Anae responded on Twitter: “Especially BYU.”

BYU defensive tackle Khyiris Tonga retorted: “Can’t wait.”

And BYU quarterback Zach Wilson added: “You’ll see.”

Whittingham said he doesn’t do social media and hadn’t heard about it.

“I just tell them to behave themselves,” he said.

Sitake was familiar with the “banter,” as he called it, but didn’t seem concerned.

“My guys didn’t start it, so they are OK with me,” he said.

Clearly, however, the rivalry game being played first this year for the first time ever has BYU’s attention.

“It is different from what we have done, compared to other years, and I think [playing Utah in the opener] is really paying off,” Sitake said. “We have been working while a lot of guys have had time off. A lot of the stuff is voluntary and our guys are going to make sure we get what we deserve this fall.”

Whittingham said playing BYU first will have no impact on how preparations go the next three months, but isn’t sure if the dynamic will change.

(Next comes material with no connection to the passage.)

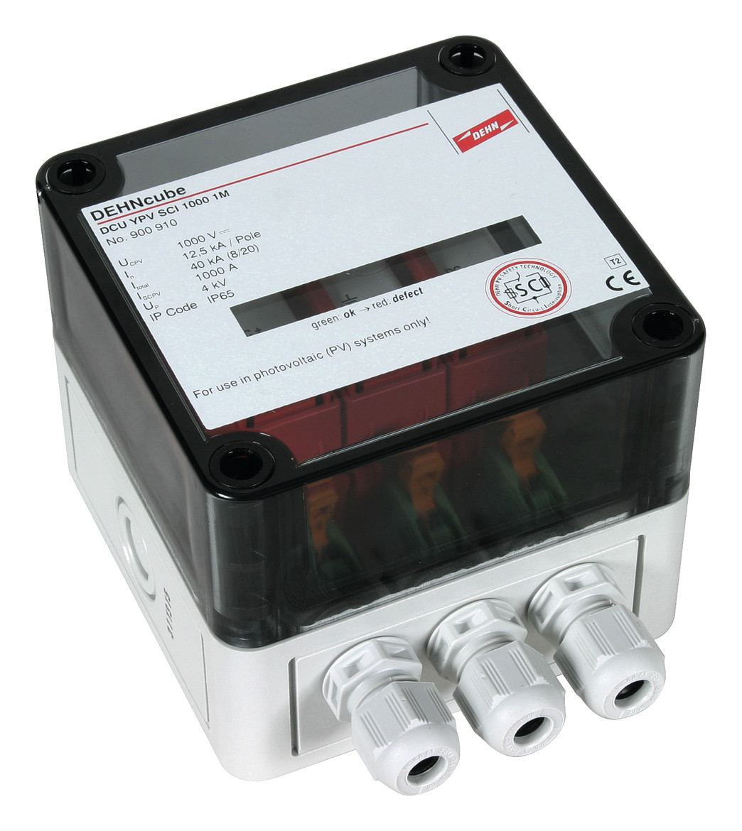 Mehrpoliger Überspannungs-Ableiter DEHNcube YPV SCI 1000 1M in Schutzart IP65. Typ 2 nach EN 50539-11 zum Schutz von 1 MPP-Eingang. Dreistufige DC-Schaltvorrichtung mit kombinierter Abtrenn- und Kurzschließvorrichtung mit sicherer elektrischer Trennung. Zum Schutz von Niederspannungs-Verbraucheranlagen vor Überspannungen. Zum Einsatz gemäß DIN IEC 60364-7-712:2011-04 (Errichten von Photovoltaik-Versorgungssystemen).

“We just do our thing. There is no big departure from that,” Whittingham said. “So, I don’t know if it will be different. I will have a better answer afterwards, after August 29th.”


Sitake said the Cougars will be ready, after blowing a 27-7 lead last November and falling for the eighth-straight time to the Utes.

“Here’s the thing: There are a lot of guys on our team and a lot of guys at Utah that are all really familiar with each other. They are friends,” Sitake said. “So the way they have their little banter and things like that, I think it is nothing hurtful, or anything like that. They just want to go play the game. My guys aren’t going to back down. So we are going to have a lot of fun this [summer] and see what happens when we play them in August.”

In this unique rivalry, that’s when the real competition begins.